Do people expect the poor to be grateful when they can't afford to feed their kids decent food?
When they can't find safe housing they can afford?
No movement ever achieved justice being quiet and grateful. To get the vote women had to raise a mighty fuss, over and over again.
I seem to recall that in the USA the black population had to take extreme measures to get even a modicum of equality, and their cause is nowhere close to success even now.
Gratitude NO!
Justice YES!
ENTITLEMENT: YES!
RESPONSIBILITY: NO!
Perhaps the last poster might explain what the hell they meant with that statement, I sure can't figure it out!
What do we want? MORE CASH!
When do we want it? NOW!
Jingo-ism rules!
Discourse shrivels.
There is a very thoughtful column published in today’s National Post, written by Steven Malanga, a senior editor of City Journal and senior fellow at the Manhattan Institute. Although the context is USAmerican, we are not too far different.
He wrote:
(1) ... unwed parents represent the fastest-growing segment of single parents: their numbers have increased by a quarter since 1995,..
(2) The growth in out-of-wedlock births is a serious impediment to reducing child poverty in America. Whereas fewer than 10 percent of children living with two parents live below the poverty line, about 37 percent of those living with single mothers do. Kids born out of wedlock are particularly likely to wind up in poverty. In 2007, half of all women who had children out of wedlock were in poverty, ensuring that their children wound up there, too.
(3) We long ago destigmatized this form of parenthood: young men boast about the children they’ve fathered illegitimately, and young women seem unaware that such births are a superhighway to lifetime poverty for them and their kids.
It is quite a conundrum. Provide more welfare cash to single unwed mothers and this becomes an increasingly attractive option for women who prefer that to full-time employment. And this, in spite of the fact that all kinds of birth control measures are available, along with public-financed abortion on demand.
Free/pro choice has been a boringly repetitive mantra for more than a generation now, and it is women who bear full responsibility over their bodies, what goes into it and what comes out of it. With the exception of rape, women have full responsibility over the YES-word or NO-word. The statistics bear out the fact that women have been increasingly saying YES at the expense of the general public, but more importantly, at the expense of the children they bring into the world.

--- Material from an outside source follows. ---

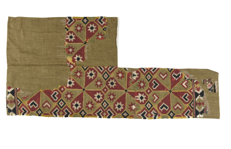 - Rektangulär vävnad med lin i varpen och ull i inslaget. Linet, möjligen blångarn eller hampa, är 2-trådigt och S-tvInnat. Sked 45/10. Inplock med 3 trådar ullgarn, det gula är Z-spunnet, de övriga är S-spunna. Mönster med tätt satta, runduddiga åttabladsstjärnor med en stjärna i var udd i de fyra mittersta. och ett hjärta i var udd i de fyra vid kortsidorna, två per sida. Mellanstjärnorna fylls det ut med små flerfärgade fyrkanter och hjärnan. En bröllopsdyna? Kortsidorna har en mörkare bård och vid den ena finns fragment av en bård i dukagång. Spår av dun på baksidan. Konserverad.

If young women are “unaware that such births are a superhighway to lifetime poverty” then how are we doing justice if we don’t take action to drill this into their heads. Women have rightly won their freedom of choice, but that freedom also comes with responsibilities, to themselves, to their children and to society at large.
As for me, I was the sole supporter for my X and son, who is now 20. And this was in spite of my X leaving me bankrupt, and my employer laying me off as redundant to become temp trash for 10 years. I took my responsibility by the balls, swallowed all of my personal ambitions, and did the right thing. Aside from the personal wealth of having a loving, educated son, I love that I owe society NOTHING. My idea of socialism is personal socialism, not parasite socialism.
It might be far more beneficial if we proselytized responsibility for all of our YES’s and No’s. For the sake of our children, especially.